→ **Required work**: Please transcribe the listing that follows exactly; images are to be excluded.

══ Recorded information

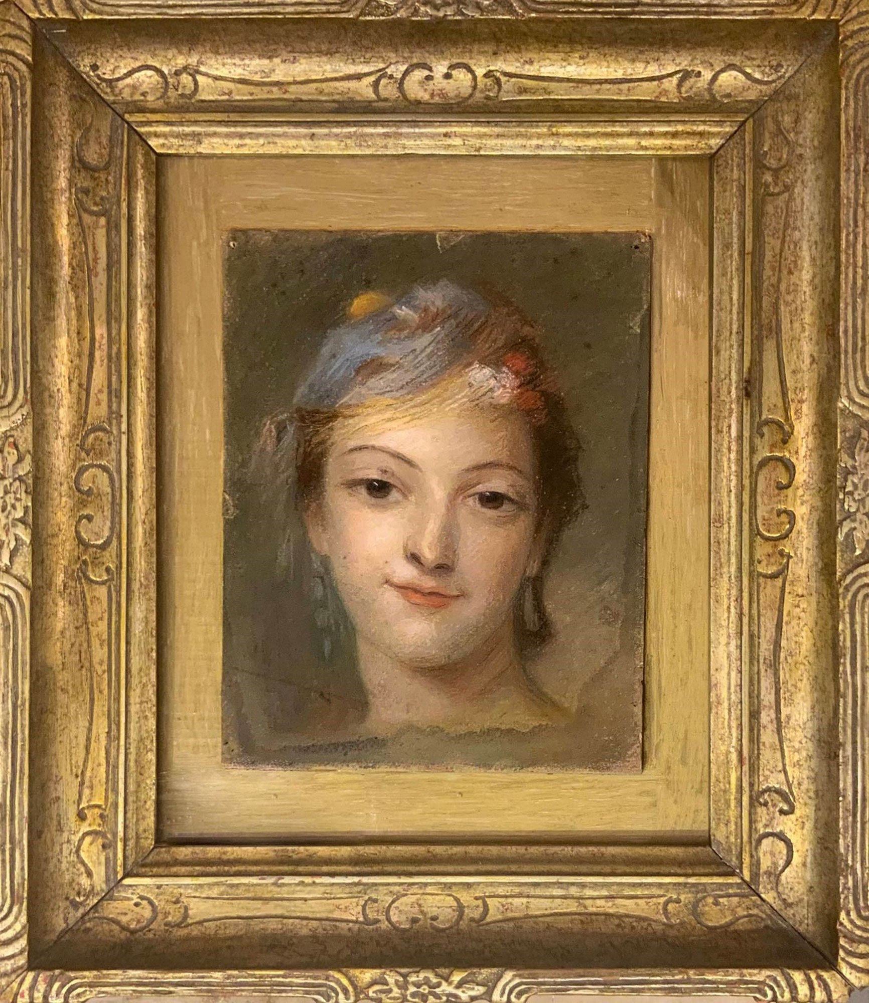 Donna con cappello e fiori, Nineteen° Secolo h cm 22 x cm 17 olio su tela
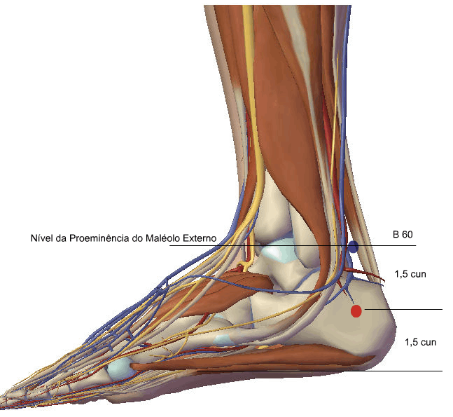 A agulha de Acupuntura atravessa a pele e o tecido celular subcutâneo e penetra o tecido supracalcanear; relaciona-se superficialmente com o nervo cutâneo dorsolateral ( ramo do nervo sural ) e, profundamente, com o nervo calcanear lateral ( ramo do nervo sural ) e com o nervo calcanear medial ( ramo do nervo tibial ).
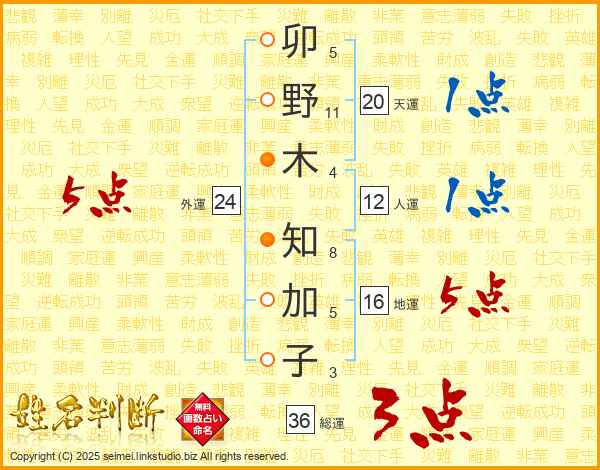 卯(5画)野(11画)木(4画) 知(8画)加(5画)子(3画)

════

→ **Result for this task**:
 Donna con cappello e fiori, Nineteen° Secolo h cm 22 x cm 17 olio su tela
 A agulha de Acupuntura atravessa a pele e o tecido celular subcutâneo e penetra o tecido supracalcanear; relaciona-se superficialmente com o nervo cutâneo dorsolateral ( ramo do nervo sural ) e, profundamente, com o nervo calcanear lateral ( ramo do nervo sural ) e com o nervo calcanear medial ( ramo do nervo tibial ).
 卯(5画)野(11画)木(4画) 知(8画)加(5画)子(3画)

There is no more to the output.